TASK TO COMPLETE
Leave the pictures out. Retype exactly the lines below from the one containing "Суббота, а это" through the one containing "This telescope comes", and no others.

DATA FOR ANALYSIS

------------

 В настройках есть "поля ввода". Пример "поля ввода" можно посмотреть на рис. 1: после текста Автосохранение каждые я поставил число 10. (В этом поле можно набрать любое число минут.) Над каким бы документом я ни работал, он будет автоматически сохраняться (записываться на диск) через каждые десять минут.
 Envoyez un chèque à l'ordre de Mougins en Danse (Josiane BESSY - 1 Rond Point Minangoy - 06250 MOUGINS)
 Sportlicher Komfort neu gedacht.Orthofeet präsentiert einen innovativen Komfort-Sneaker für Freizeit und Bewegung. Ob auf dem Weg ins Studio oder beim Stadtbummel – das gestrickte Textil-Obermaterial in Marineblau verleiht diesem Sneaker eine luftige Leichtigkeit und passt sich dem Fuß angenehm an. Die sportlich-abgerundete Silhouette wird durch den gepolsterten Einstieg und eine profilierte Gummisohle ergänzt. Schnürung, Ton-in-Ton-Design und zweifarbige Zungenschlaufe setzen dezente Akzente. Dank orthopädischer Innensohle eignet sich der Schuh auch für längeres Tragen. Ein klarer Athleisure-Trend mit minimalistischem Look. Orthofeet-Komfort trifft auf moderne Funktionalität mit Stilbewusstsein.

------------

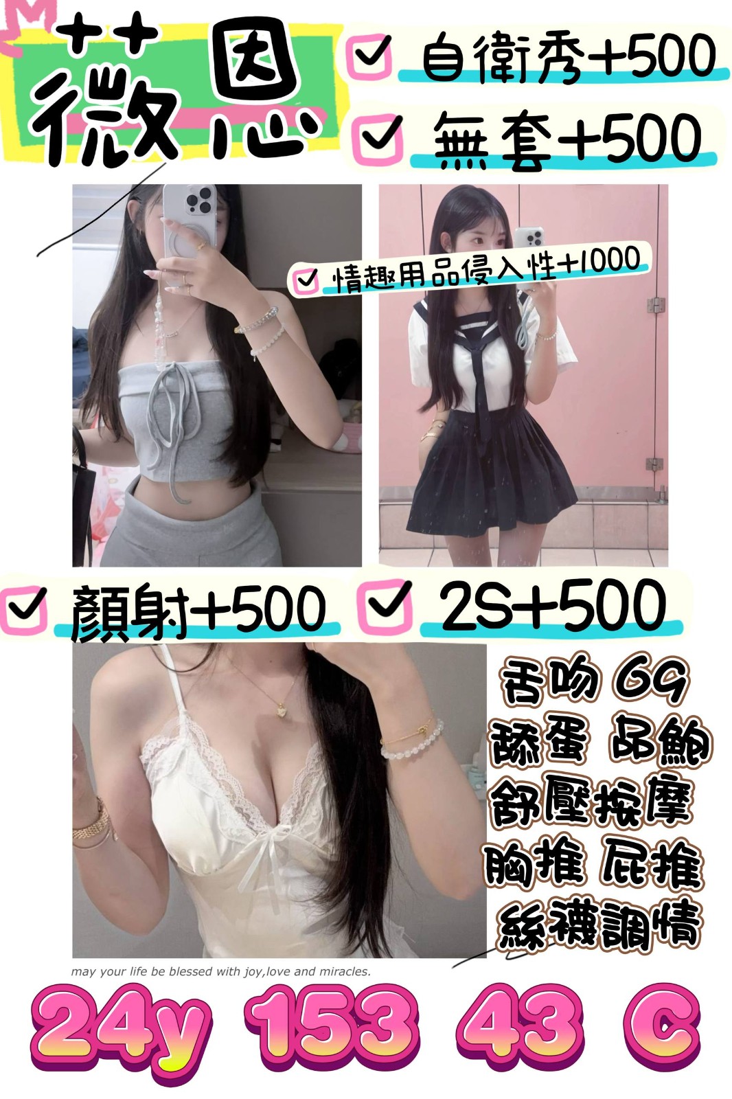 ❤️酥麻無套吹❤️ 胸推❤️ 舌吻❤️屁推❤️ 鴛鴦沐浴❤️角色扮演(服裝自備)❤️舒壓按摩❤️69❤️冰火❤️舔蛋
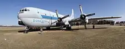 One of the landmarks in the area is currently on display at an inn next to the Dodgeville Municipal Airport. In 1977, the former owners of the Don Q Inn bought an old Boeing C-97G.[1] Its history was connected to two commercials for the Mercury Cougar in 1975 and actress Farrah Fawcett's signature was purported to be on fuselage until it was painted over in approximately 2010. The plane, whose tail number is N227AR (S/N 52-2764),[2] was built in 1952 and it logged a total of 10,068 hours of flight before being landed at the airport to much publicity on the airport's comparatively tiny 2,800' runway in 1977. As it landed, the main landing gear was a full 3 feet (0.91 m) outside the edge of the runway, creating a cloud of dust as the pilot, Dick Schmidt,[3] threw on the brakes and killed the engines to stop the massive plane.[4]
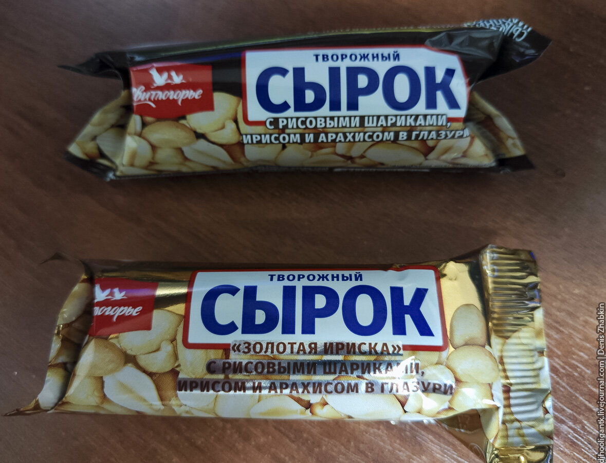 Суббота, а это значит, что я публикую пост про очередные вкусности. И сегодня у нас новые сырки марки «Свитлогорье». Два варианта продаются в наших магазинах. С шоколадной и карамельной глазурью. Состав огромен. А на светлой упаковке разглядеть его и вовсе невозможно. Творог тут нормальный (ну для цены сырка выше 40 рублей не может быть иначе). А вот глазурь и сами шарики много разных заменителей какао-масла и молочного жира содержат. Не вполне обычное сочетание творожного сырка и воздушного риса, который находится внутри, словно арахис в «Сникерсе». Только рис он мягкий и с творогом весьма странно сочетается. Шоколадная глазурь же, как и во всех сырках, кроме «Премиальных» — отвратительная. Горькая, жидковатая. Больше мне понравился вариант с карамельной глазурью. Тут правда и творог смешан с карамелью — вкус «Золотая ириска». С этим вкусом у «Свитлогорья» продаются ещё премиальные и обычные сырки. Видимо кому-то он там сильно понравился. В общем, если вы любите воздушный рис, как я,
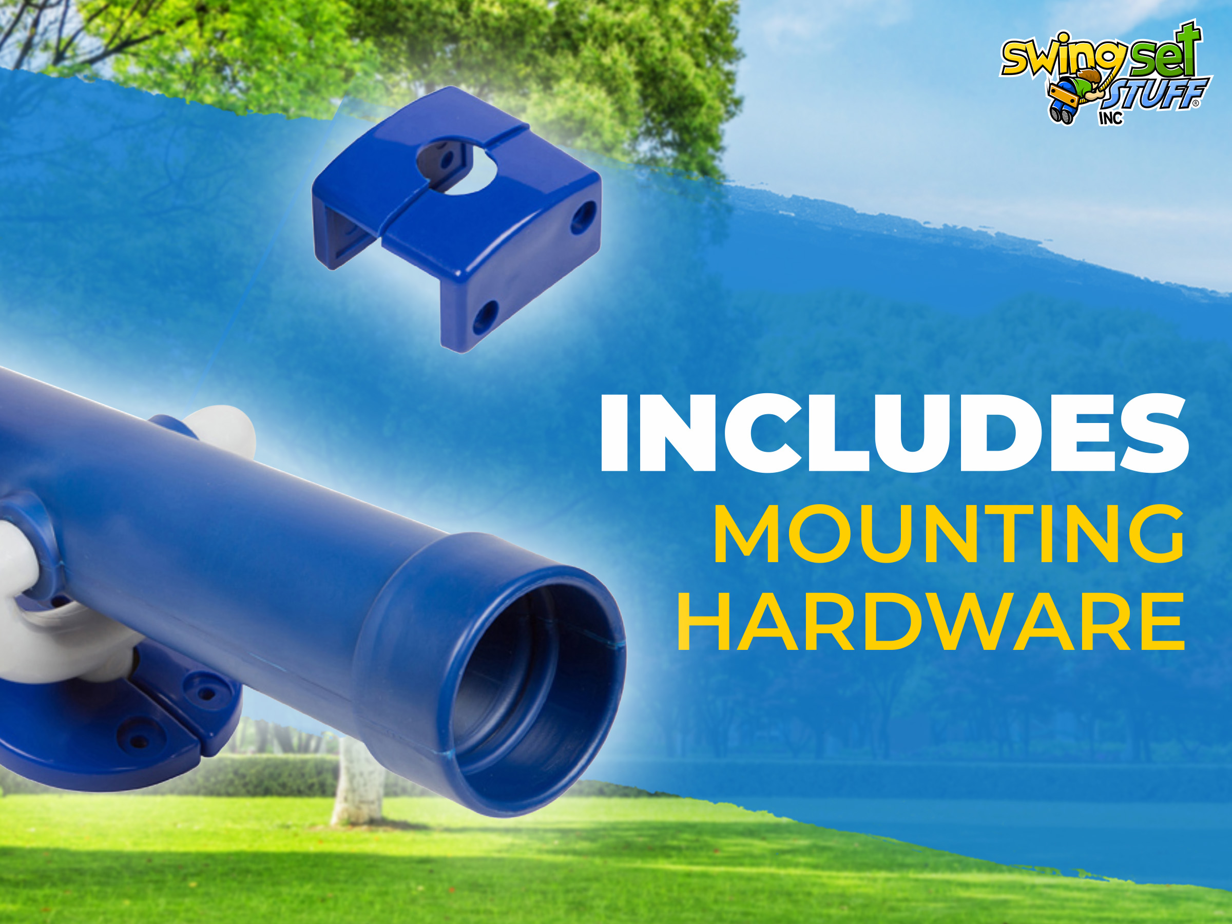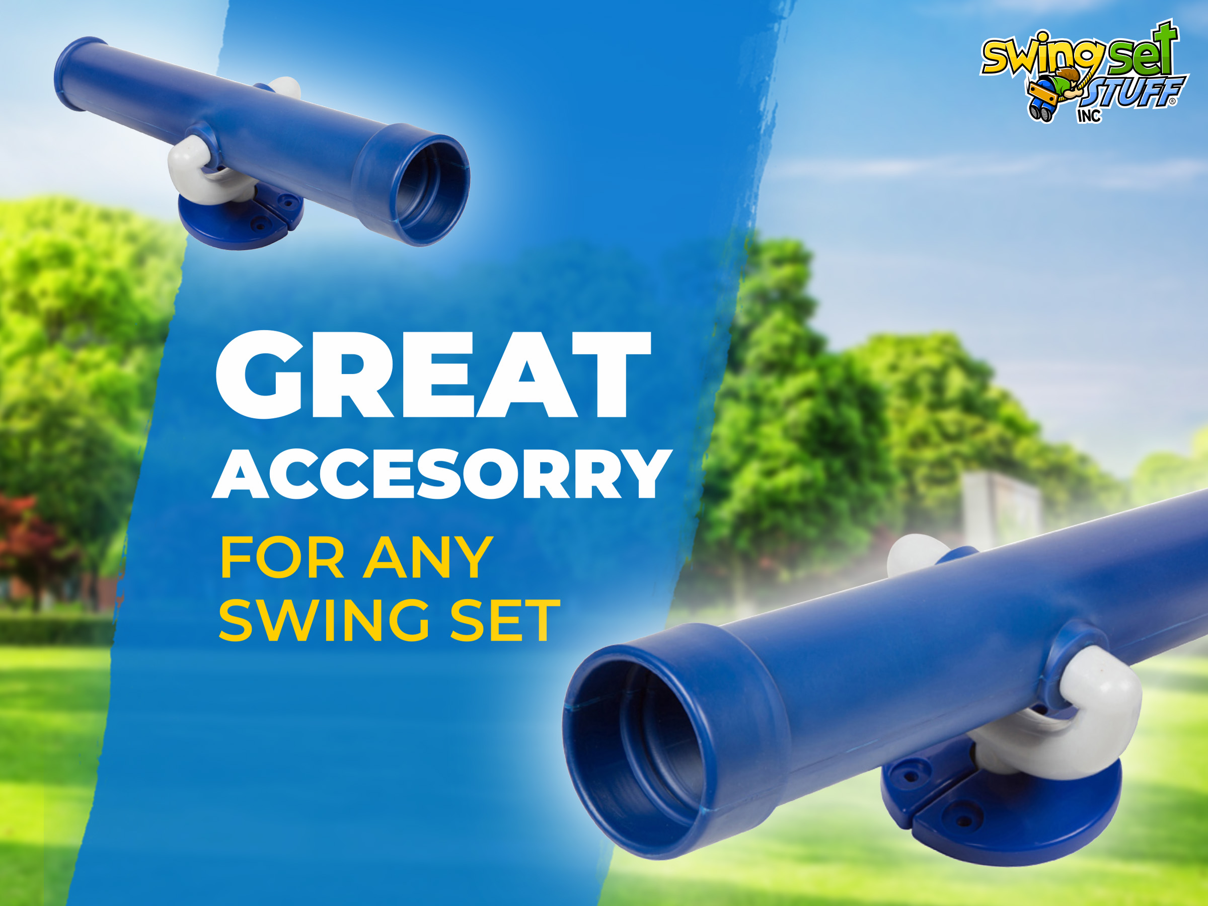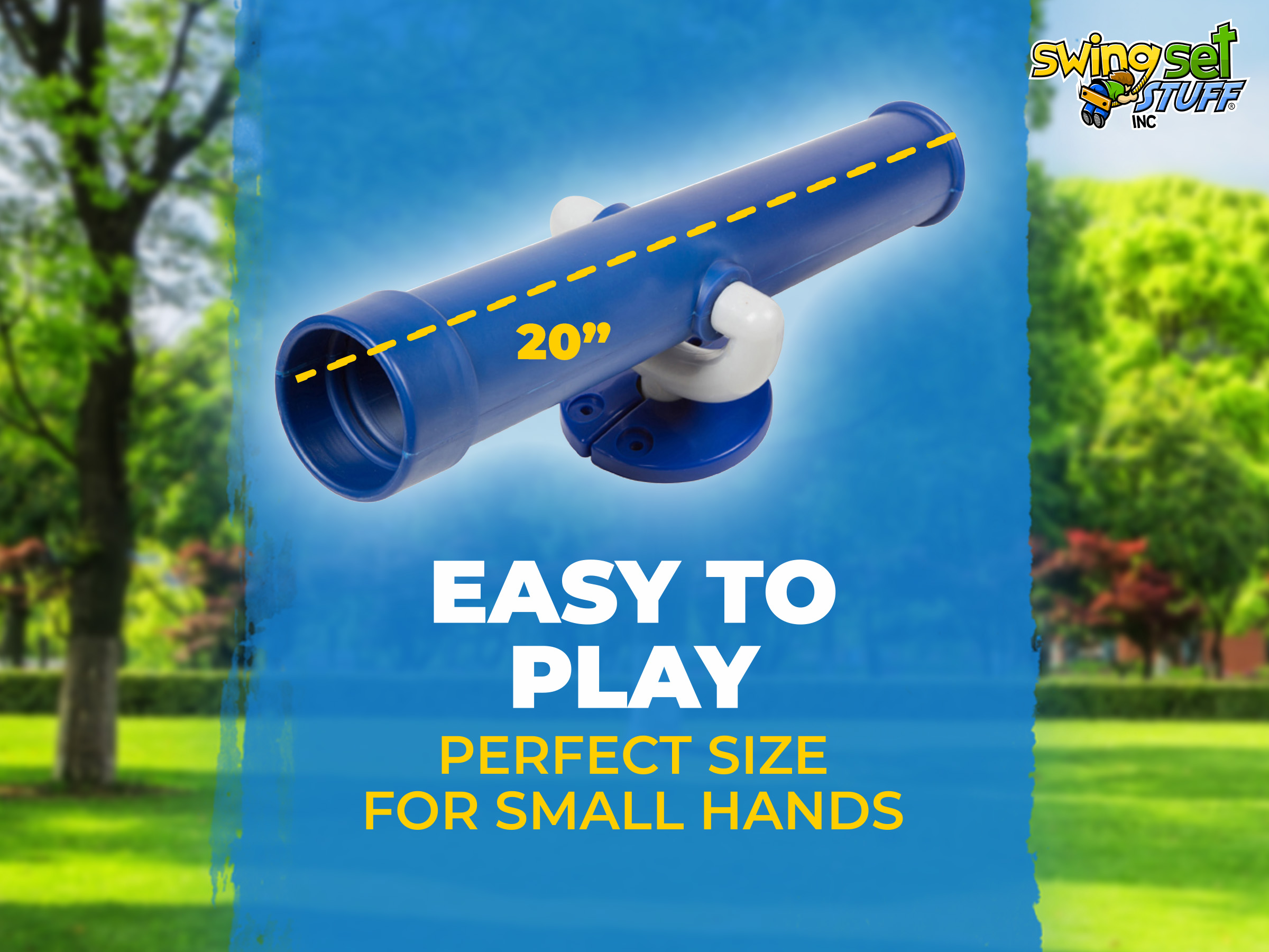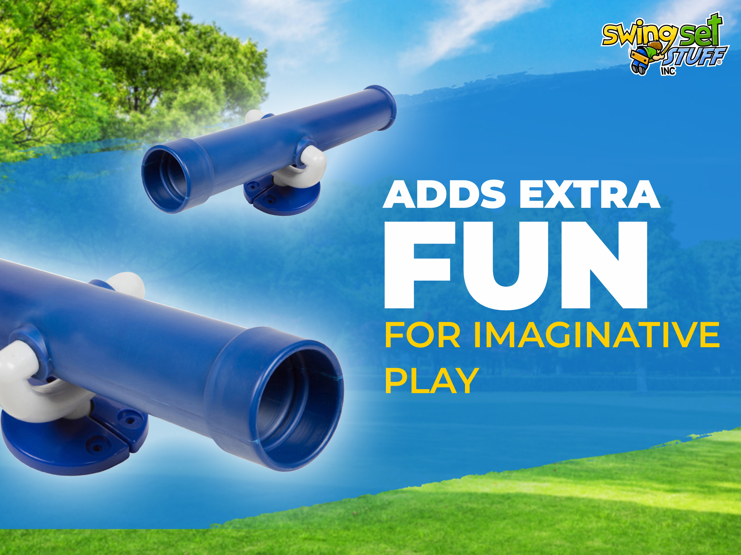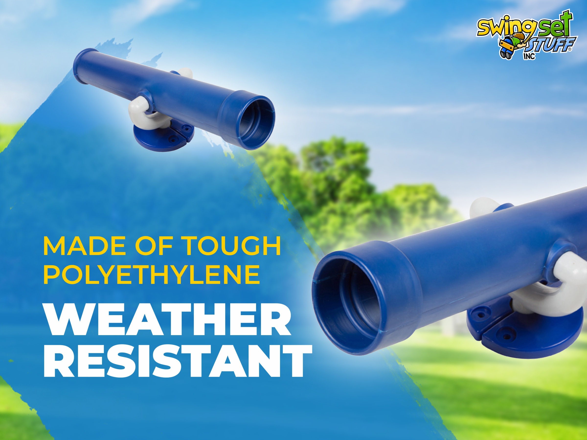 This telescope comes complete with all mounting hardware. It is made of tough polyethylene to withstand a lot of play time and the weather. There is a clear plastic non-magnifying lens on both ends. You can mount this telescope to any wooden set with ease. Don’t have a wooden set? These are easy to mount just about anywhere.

------------

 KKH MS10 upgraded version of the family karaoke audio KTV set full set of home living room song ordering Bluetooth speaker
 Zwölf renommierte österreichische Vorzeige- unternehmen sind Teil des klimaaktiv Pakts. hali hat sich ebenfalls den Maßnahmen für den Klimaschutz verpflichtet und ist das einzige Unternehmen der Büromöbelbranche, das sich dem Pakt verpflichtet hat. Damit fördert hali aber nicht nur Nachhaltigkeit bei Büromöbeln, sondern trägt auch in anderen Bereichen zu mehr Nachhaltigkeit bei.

------------

PROBLEM SOLUTION
 Суббота, а это значит, что я публикую пост про очередные вкусности. И сегодня у нас новые сырки марки «Свитлогорье». Два варианта продаются в наших магазинах. С шоколадной и карамельной глазурью. Состав огромен. А на светлой упаковке разглядеть его и вовсе невозможно. Творог тут нормальный (ну для цены сырка выше 40 рублей не может быть иначе). А вот глазурь и сами шарики много разных заменителей какао-масла и молочного жира содержат. Не вполне обычное сочетание творожного сырка и воздушного риса, который находится внутри, словно арахис в «Сникерсе». Только рис он мягкий и с творогом весьма странно сочетается. Шоколадная глазурь же, как и во всех сырках, кроме «Премиальных» — отвратительная. Горькая, жидковатая. Больше мне понравился вариант с карамельной глазурью. Тут правда и творог смешан с карамелью — вкус «Золотая ириска». С этим вкусом у «Свитлогорья» продаются ещё премиальные и обычные сырки. Видимо кому-то он там сильно понравился. В общем, если вы любите воздушный рис, как я,
 This telescope comes complete with all mounting hardware. It is made of tough polyethylene to withstand a lot of play time and the weather. There is a clear plastic non-magnifying lens on both ends. You can mount this telescope to any wooden set with ease. Don’t have a wooden set? These are easy to mount just about anywhere.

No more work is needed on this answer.